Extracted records
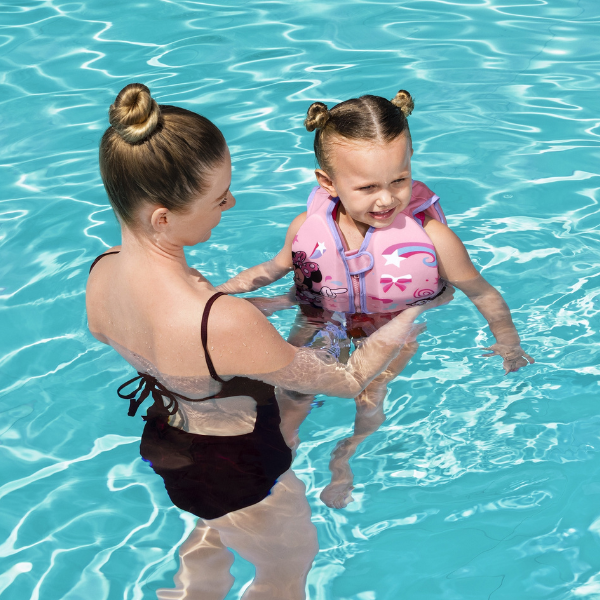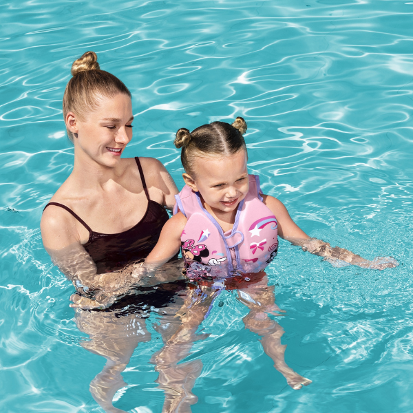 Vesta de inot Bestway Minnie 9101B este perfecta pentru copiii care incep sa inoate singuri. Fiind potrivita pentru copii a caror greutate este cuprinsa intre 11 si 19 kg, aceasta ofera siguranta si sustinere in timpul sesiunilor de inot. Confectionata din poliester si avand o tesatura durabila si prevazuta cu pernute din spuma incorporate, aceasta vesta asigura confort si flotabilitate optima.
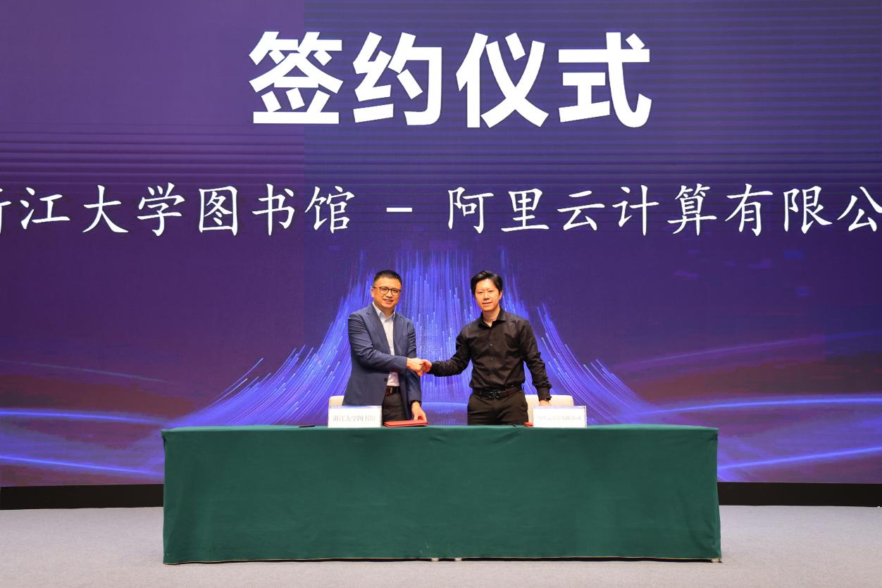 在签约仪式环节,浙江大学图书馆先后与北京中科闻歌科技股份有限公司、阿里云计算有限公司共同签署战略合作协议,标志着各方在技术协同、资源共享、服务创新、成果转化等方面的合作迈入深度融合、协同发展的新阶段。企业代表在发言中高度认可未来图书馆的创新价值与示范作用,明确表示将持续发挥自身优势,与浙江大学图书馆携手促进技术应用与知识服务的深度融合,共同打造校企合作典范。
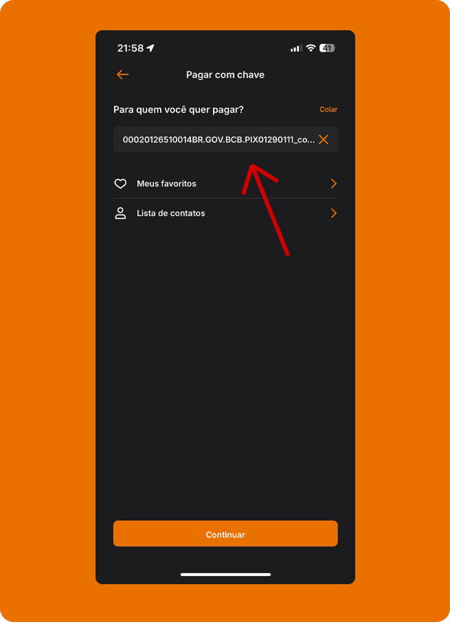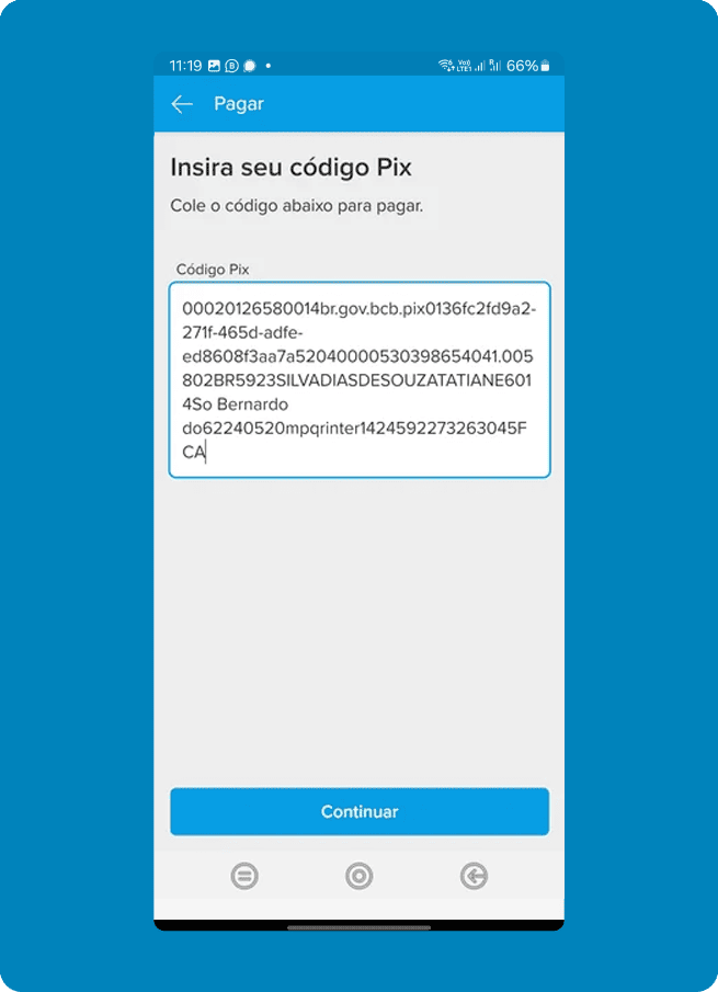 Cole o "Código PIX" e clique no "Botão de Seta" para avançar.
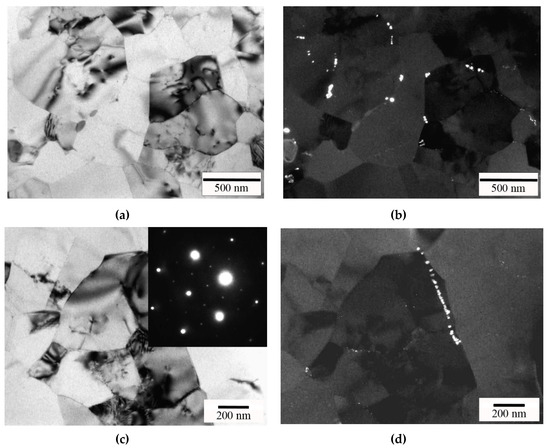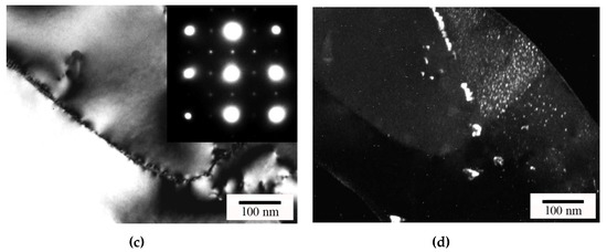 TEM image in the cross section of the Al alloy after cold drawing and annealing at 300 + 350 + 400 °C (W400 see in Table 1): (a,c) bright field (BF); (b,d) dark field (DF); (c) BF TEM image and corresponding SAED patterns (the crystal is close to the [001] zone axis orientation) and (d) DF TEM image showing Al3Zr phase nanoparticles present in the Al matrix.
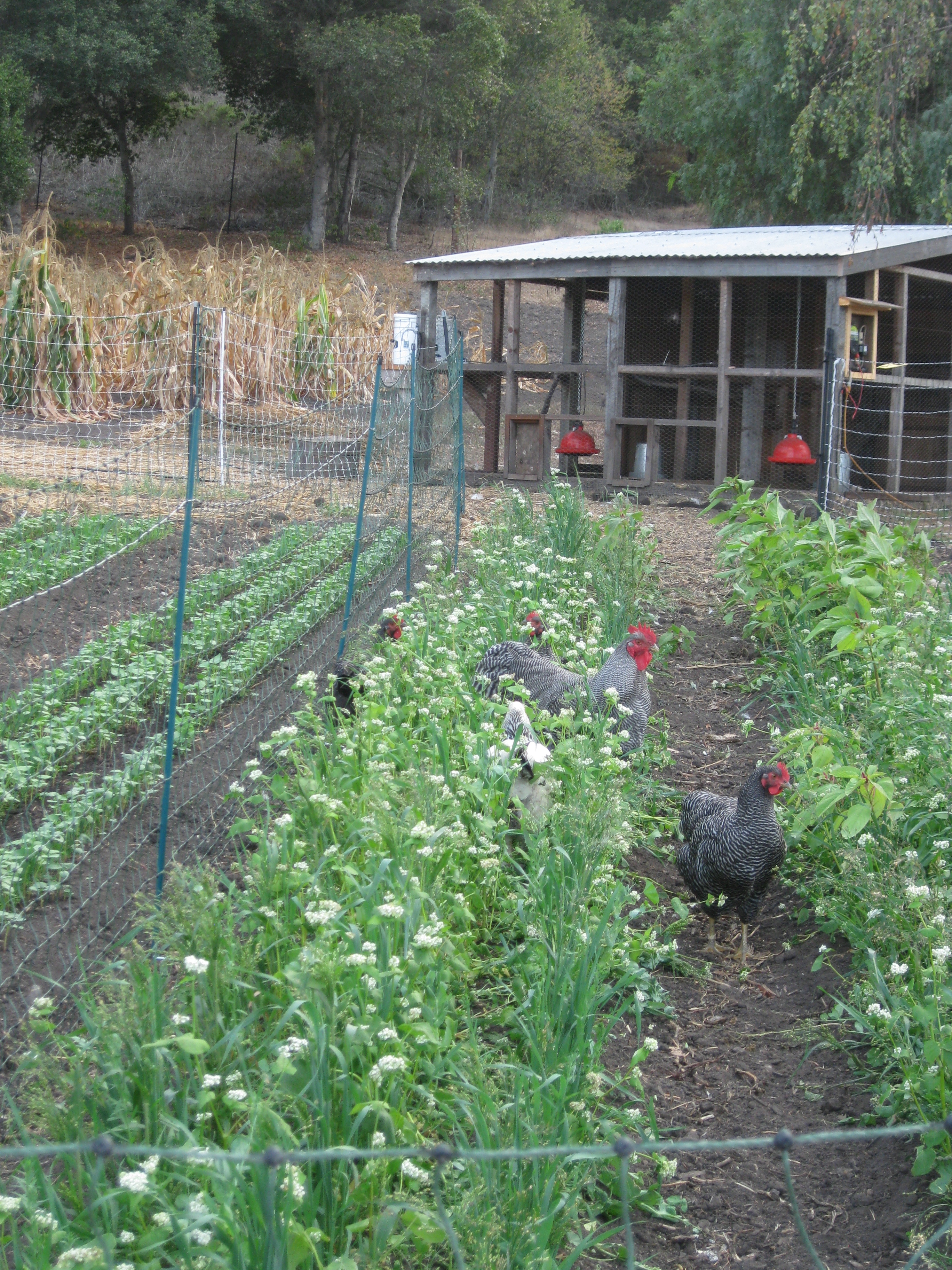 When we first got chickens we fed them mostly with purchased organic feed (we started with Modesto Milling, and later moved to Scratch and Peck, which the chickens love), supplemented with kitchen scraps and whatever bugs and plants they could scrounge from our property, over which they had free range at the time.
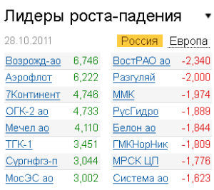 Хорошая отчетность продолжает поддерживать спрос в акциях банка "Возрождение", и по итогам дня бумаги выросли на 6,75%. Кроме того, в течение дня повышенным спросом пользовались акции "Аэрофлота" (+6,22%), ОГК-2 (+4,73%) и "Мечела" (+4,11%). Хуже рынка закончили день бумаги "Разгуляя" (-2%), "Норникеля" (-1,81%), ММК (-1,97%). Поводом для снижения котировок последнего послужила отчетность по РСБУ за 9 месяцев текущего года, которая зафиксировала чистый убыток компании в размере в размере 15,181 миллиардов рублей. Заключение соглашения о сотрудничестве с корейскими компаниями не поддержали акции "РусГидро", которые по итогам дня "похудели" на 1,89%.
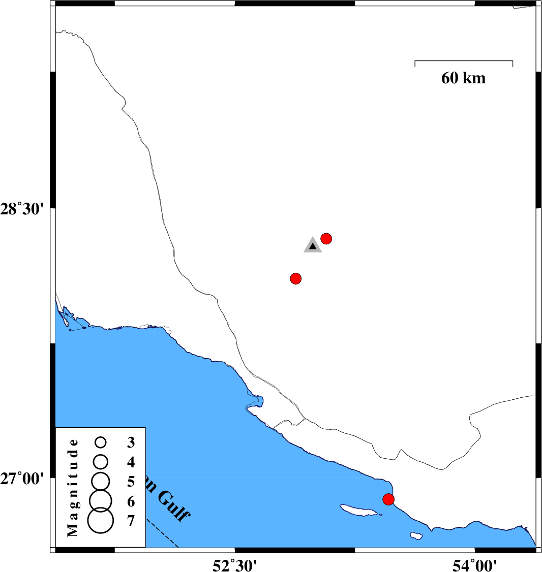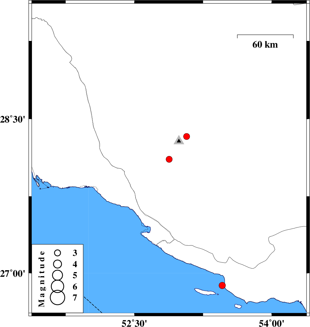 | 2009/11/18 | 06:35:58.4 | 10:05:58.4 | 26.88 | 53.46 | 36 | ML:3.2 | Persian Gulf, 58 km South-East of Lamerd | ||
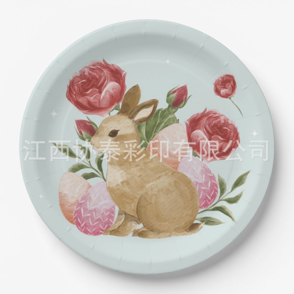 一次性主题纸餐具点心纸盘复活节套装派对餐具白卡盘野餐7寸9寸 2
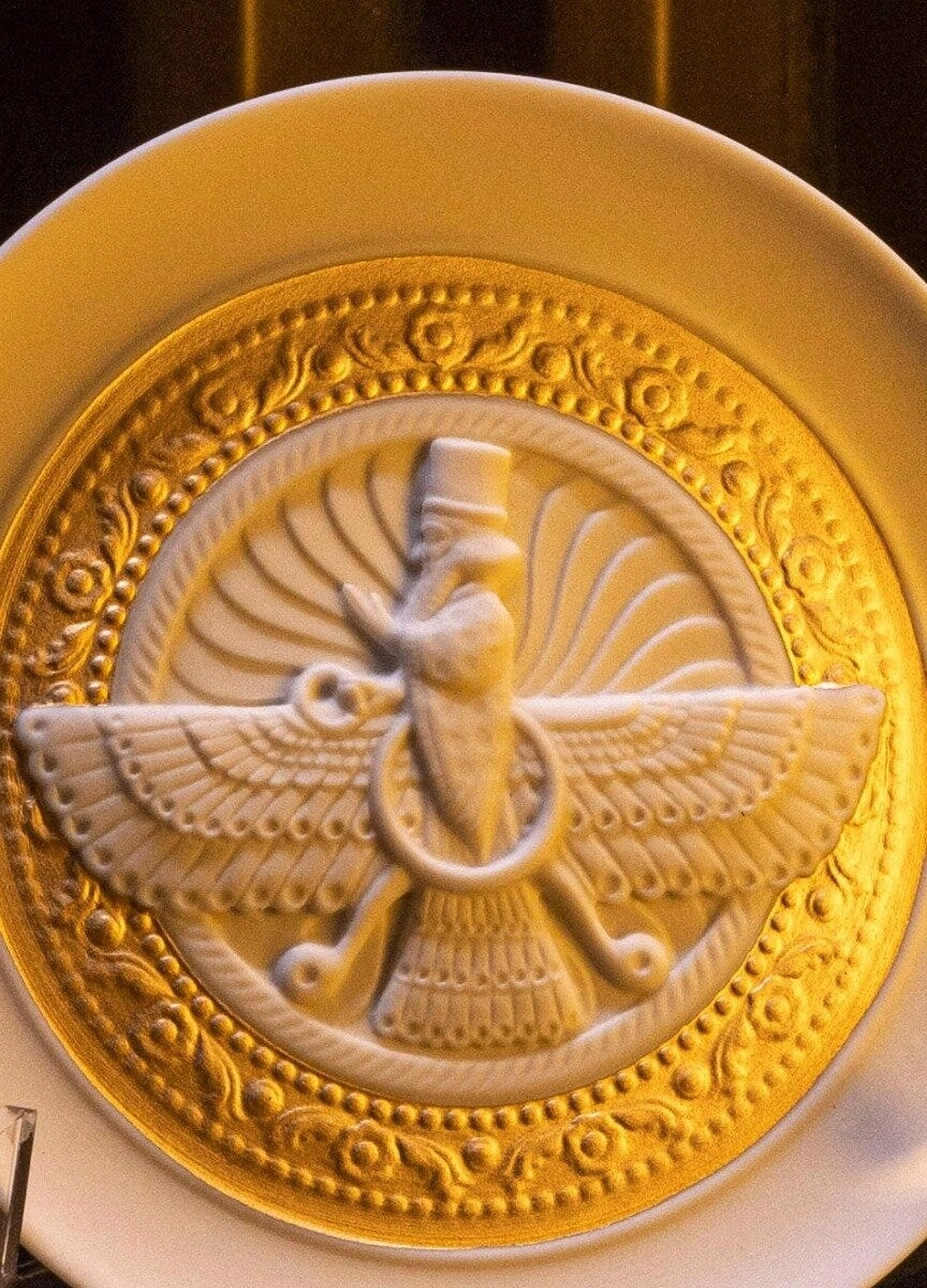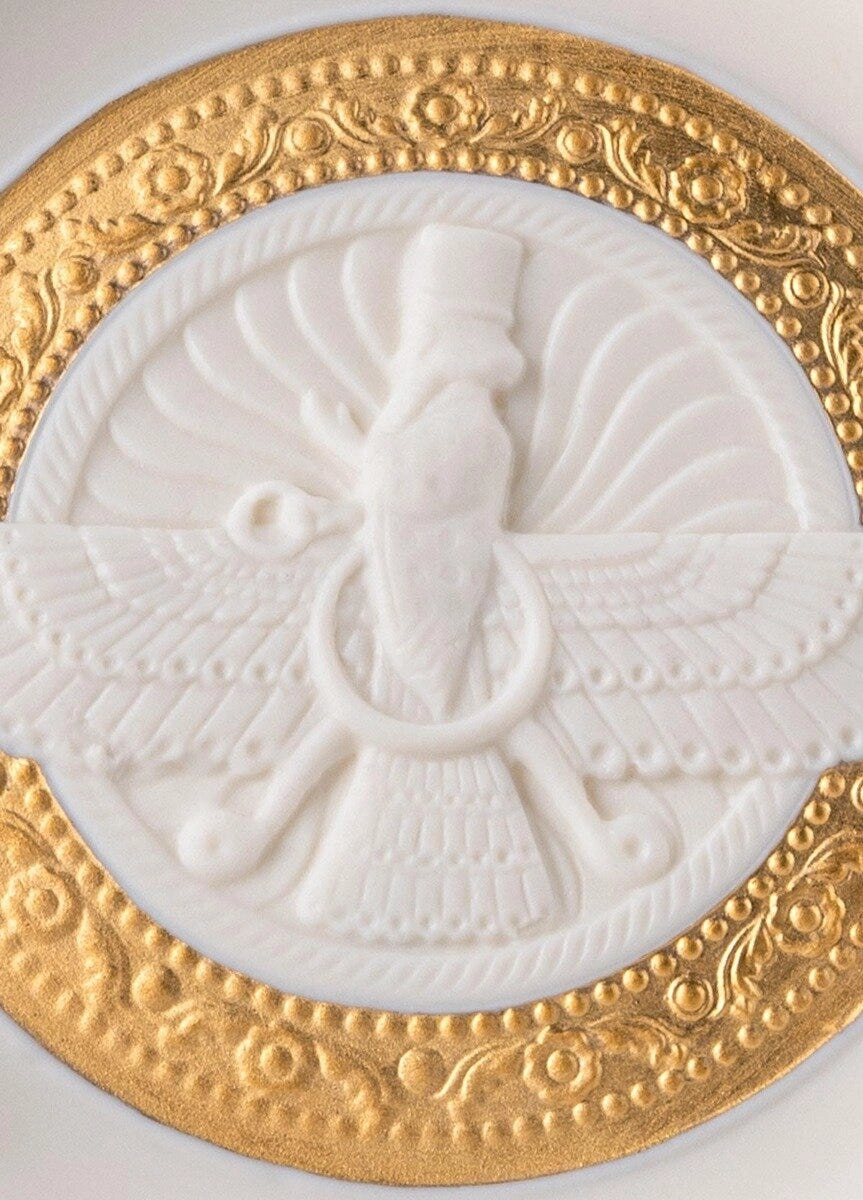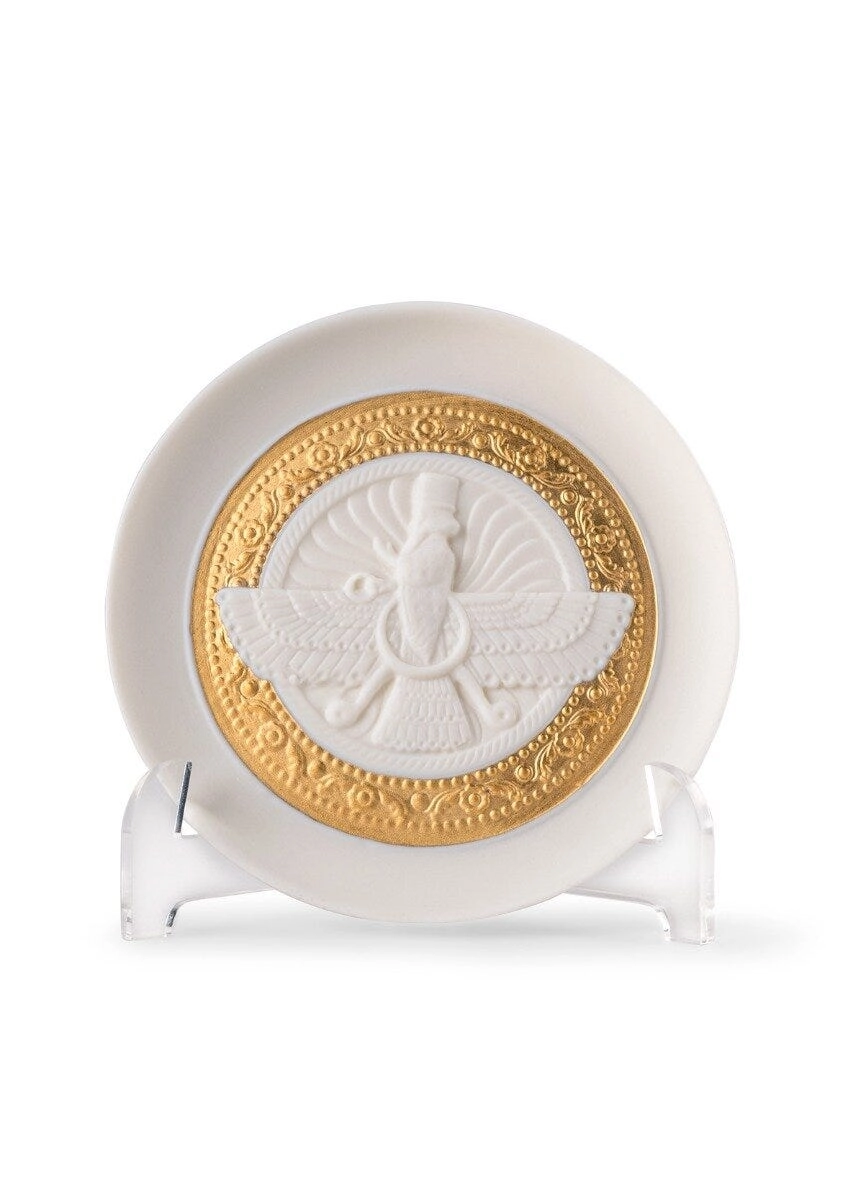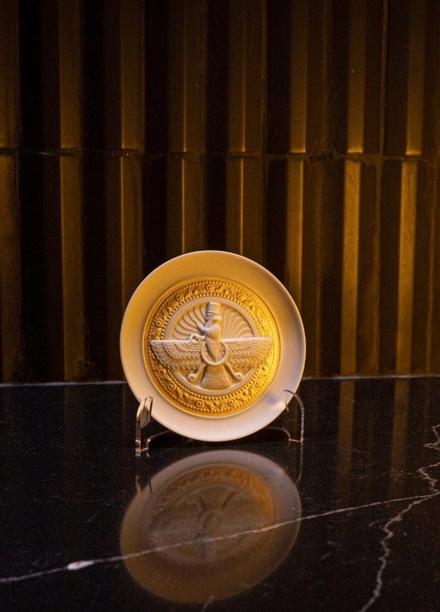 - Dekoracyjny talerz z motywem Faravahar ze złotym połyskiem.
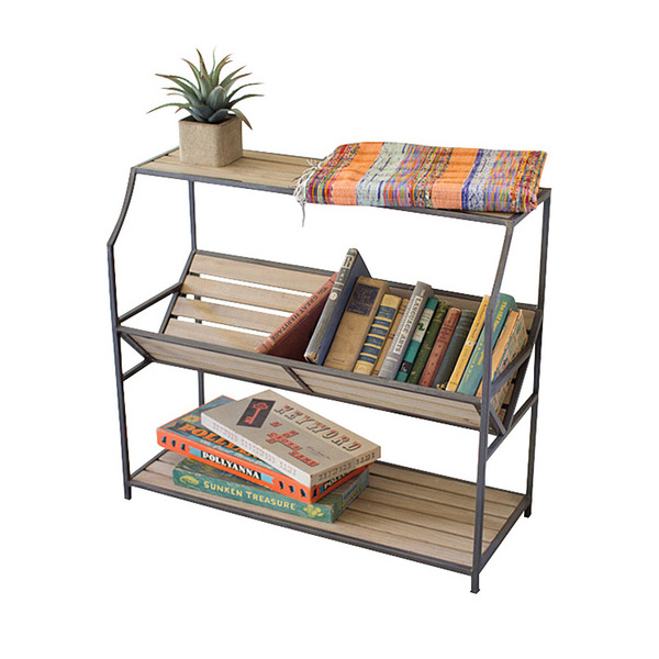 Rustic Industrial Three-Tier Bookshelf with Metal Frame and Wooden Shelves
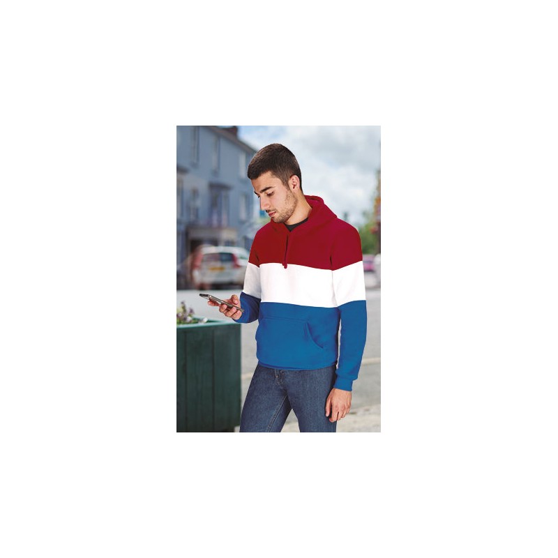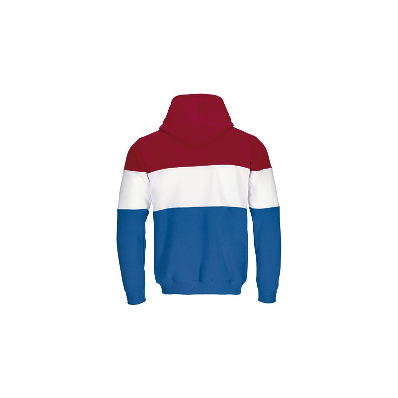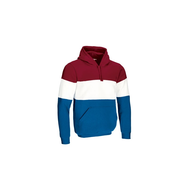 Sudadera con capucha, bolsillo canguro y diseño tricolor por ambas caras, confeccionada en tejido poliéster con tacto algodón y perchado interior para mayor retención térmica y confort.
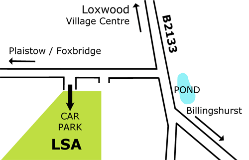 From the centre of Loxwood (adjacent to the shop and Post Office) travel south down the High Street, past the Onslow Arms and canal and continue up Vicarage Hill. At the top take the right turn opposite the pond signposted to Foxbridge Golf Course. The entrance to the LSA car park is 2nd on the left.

Exercise aim: Copy each entry exactly, with no pictures.

Completed exercise:
 Vesta de inot Bestway Minnie 9101B este perfecta pentru copiii care incep sa inoate singuri. Fiind potrivita pentru copii a caror greutate este cuprinsa intre 11 si 19 kg, aceasta ofera siguranta si sustinere in timpul sesiunilor de inot. Confectionata din poliester si avand o tesatura durabila si prevazuta cu pernute din spuma incorporate, aceasta vesta asigura confort si flotabilitate optima.
 在签约仪式环节,浙江大学图书馆先后与北京中科闻歌科技股份有限公司、阿里云计算有限公司共同签署战略合作协议,标志着各方在技术协同、资源共享、服务创新、成果转化等方面的合作迈入深度融合、协同发展的新阶段。企业代表在发言中高度认可未来图书馆的创新价值与示范作用,明确表示将持续发挥自身优势,与浙江大学图书馆携手促进技术应用与知识服务的深度融合,共同打造校企合作典范。
 Cole o "Código PIX" e clique no "Botão de Seta" para avançar.
 TEM image in the cross section of the Al alloy after cold drawing and annealing at 300 + 350 + 400 °C (W400 see in Table 1): (a,c) bright field (BF); (b,d) dark field (DF); (c) BF TEM image and corresponding SAED patterns (the crystal is close to the [001] zone axis orientation) and (d) DF TEM image showing Al3Zr phase nanoparticles present in the Al matrix.
 When we first got chickens we fed them mostly with purchased organic feed (we started with Modesto Milling, and later moved to Scratch and Peck, which the chickens love), supplemented with kitchen scraps and whatever bugs and plants they could scrounge from our property, over which they had free range at the time.
 Хорошая отчетность продолжает поддерживать спрос в акциях банка "Возрождение", и по итогам дня бумаги выросли на 6,75%. Кроме того, в течение дня повышенным спросом пользовались акции "Аэрофлота" (+6,22%), ОГК-2 (+4,73%) и "Мечела" (+4,11%). Хуже рынка закончили день бумаги "Разгуляя" (-2%), "Норникеля" (-1,81%), ММК (-1,97%). Поводом для снижения котировок последнего послужила отчетность по РСБУ за 9 месяцев текущего года, которая зафиксировала чистый убыток компании в размере в размере 15,181 миллиардов рублей. Заключение соглашения о сотрудничестве с корейскими компаниями не поддержали акции "РусГидро", которые по итогам дня "похудели" на 1,89%.
 | 2009/11/18 | 06:35:58.4 | 10:05:58.4 | 26.88 | 53.46 | 36 | ML:3.2 | Persian Gulf, 58 km South-East of Lamerd | ||
 一次性主题纸餐具点心纸盘复活节套装派对餐具白卡盘野餐7寸9寸 2
 - Dekoracyjny talerz z motywem Faravahar ze złotym połyskiem.
 Rustic Industrial Three-Tier Bookshelf with Metal Frame and Wooden Shelves
 Sudadera con capucha, bolsillo canguro y diseño tricolor por ambas caras, confeccionada en tejido poliéster con tacto algodón y perchado interior para mayor retención térmica y confort.
 From the centre of Loxwood (adjacent to the shop and Post Office) travel south down the High Street, past the Onslow Arms and canal and continue up Vicarage Hill. At the top take the right turn opposite the pond signposted to Foxbridge Golf Course. The entrance to the LSA car park is 2nd on the left.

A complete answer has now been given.